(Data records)
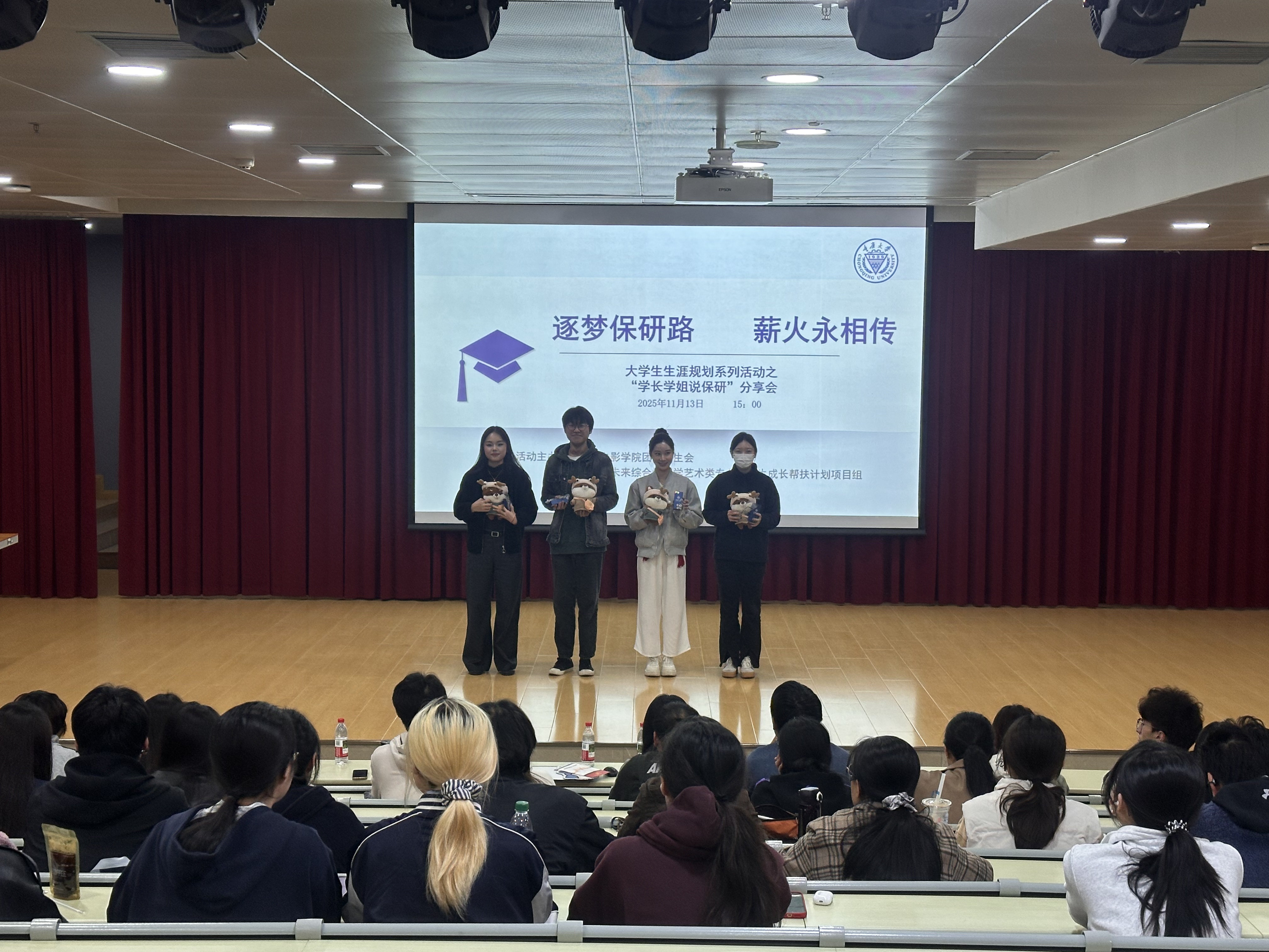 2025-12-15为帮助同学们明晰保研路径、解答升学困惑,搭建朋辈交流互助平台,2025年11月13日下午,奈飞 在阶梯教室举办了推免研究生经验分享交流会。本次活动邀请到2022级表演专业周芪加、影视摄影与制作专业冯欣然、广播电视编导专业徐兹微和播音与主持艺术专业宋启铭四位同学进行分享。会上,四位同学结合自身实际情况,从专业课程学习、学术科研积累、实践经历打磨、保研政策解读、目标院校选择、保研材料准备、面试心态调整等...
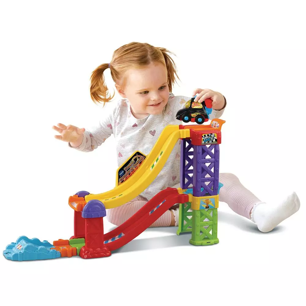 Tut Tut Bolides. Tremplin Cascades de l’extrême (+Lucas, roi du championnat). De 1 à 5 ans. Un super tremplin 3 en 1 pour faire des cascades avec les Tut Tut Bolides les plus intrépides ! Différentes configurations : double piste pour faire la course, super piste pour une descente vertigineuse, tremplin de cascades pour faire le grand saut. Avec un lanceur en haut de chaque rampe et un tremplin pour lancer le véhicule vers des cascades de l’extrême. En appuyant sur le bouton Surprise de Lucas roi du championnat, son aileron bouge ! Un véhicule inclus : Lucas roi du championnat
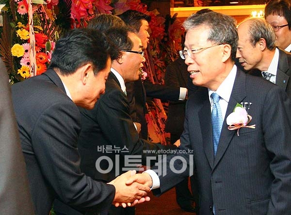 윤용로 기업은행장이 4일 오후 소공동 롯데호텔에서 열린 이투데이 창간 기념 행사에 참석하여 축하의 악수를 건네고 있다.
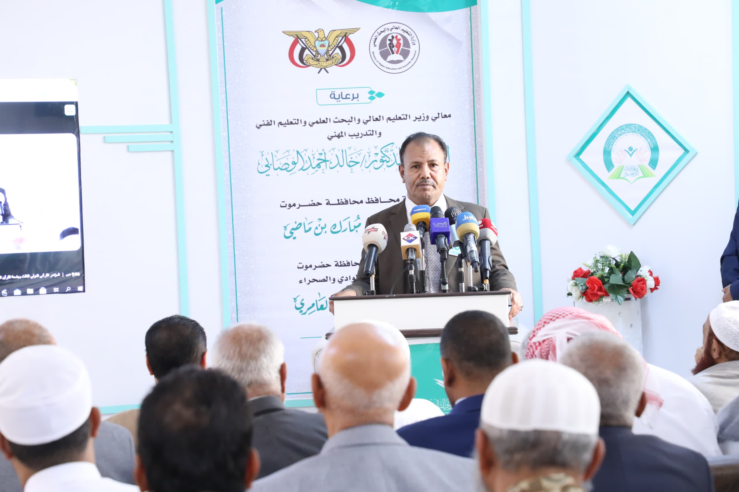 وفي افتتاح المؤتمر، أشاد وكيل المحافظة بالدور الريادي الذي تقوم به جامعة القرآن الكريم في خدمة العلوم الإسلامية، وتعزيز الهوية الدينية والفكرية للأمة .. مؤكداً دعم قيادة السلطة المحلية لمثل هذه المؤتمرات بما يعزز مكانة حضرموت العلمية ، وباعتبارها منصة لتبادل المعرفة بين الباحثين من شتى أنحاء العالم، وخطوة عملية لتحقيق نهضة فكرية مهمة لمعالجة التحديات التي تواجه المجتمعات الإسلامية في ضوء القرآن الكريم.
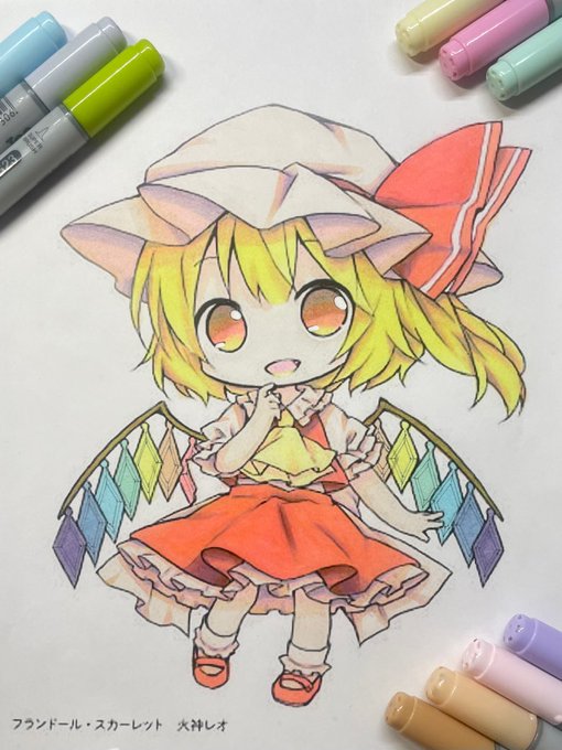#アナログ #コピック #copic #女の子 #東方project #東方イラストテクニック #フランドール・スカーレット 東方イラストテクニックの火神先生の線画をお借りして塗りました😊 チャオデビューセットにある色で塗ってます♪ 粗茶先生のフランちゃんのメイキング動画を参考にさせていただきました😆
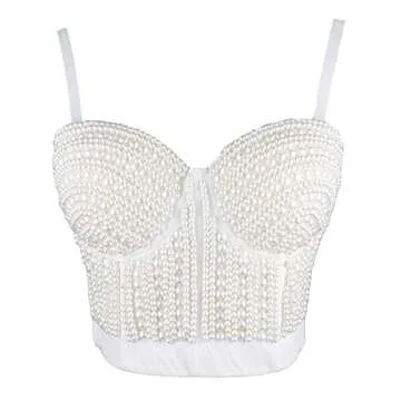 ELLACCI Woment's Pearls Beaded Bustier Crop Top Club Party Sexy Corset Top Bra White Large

### Work instructions
Nothing but the lines from the one holding "Tut Tut Bolides." through the final line of the entries should be retyped, exactly as they stand and without pictures.

### Response for this exercise
 Tut Tut Bolides. Tremplin Cascades de l’extrême (+Lucas, roi du championnat). De 1 à 5 ans. Un super tremplin 3 en 1 pour faire des cascades avec les Tut Tut Bolides les plus intrépides ! Différentes configurations : double piste pour faire la course, super piste pour une descente vertigineuse, tremplin de cascades pour faire le grand saut. Avec un lanceur en haut de chaque rampe et un tremplin pour lancer le véhicule vers des cascades de l’extrême. En appuyant sur le bouton Surprise de Lucas roi du championnat, son aileron bouge ! Un véhicule inclus : Lucas roi du championnat
 윤용로 기업은행장이 4일 오후 소공동 롯데호텔에서 열린 이투데이 창간 기념 행사에 참석하여 축하의 악수를 건네고 있다.
 وفي افتتاح المؤتمر، أشاد وكيل المحافظة بالدور الريادي الذي تقوم به جامعة القرآن الكريم في خدمة العلوم الإسلامية، وتعزيز الهوية الدينية والفكرية للأمة .. مؤكداً دعم قيادة السلطة المحلية لمثل هذه المؤتمرات بما يعزز مكانة حضرموت العلمية ، وباعتبارها منصة لتبادل المعرفة بين الباحثين من شتى أنحاء العالم، وخطوة عملية لتحقيق نهضة فكرية مهمة لمعالجة التحديات التي تواجه المجتمعات الإسلامية في ضوء القرآن الكريم.
#アナログ #コピック #copic #女の子 #東方project #東方イラストテクニック #フランドール・スカーレット 東方イラストテクニックの火神先生の線画をお借りして塗りました😊 チャオデビューセットにある色で塗ってます♪ 粗茶先生のフランちゃんのメイキング動画を参考にさせていただきました😆
 ELLACCI Woment's Pearls Beaded Bustier Crop Top Club Party Sexy Corset Top Bra White Large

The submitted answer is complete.